▸ **What you have to do**
Reproduce exactly the lines below, from the first one through the line containing "Autorské čtení paní", and omit any pictures.

▸ **Information shown**
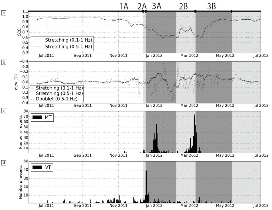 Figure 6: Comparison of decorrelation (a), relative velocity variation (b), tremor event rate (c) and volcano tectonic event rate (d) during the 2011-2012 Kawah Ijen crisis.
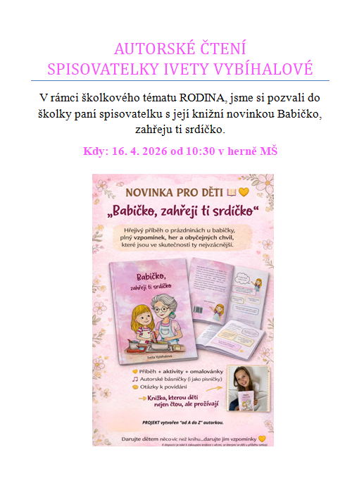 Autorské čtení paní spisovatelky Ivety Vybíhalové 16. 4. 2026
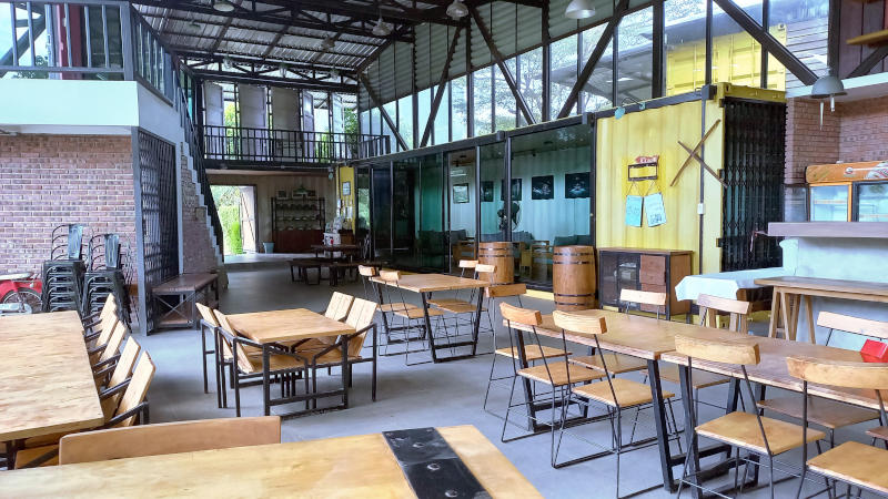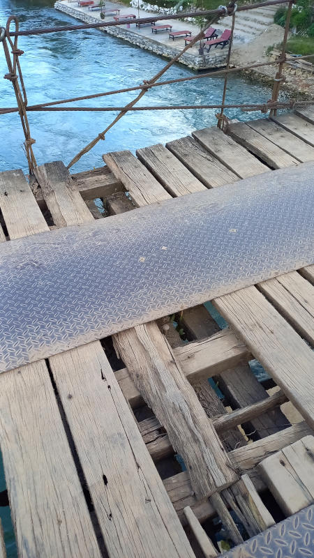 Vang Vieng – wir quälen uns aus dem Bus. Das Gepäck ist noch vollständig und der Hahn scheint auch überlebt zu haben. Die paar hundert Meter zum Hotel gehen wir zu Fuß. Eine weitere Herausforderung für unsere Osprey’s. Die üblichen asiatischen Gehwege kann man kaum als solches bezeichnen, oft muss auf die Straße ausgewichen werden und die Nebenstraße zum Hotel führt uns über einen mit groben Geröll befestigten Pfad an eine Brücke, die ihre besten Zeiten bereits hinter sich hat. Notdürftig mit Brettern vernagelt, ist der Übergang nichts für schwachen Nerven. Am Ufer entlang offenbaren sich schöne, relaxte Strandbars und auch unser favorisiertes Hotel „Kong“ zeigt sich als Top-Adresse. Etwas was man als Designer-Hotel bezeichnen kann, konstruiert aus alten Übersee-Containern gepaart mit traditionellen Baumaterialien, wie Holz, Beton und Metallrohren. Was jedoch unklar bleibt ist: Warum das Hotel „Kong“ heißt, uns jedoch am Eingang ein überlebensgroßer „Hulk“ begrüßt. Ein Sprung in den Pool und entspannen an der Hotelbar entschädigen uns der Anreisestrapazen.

▸ **Written answer**
 Figure 6: Comparison of decorrelation (a), relative velocity variation (b), tremor event rate (c) and volcano tectonic event rate (d) during the 2011-2012 Kawah Ijen crisis.
 Autorské čtení paní spisovatelky Ivety Vybíhalové 16. 4. 2026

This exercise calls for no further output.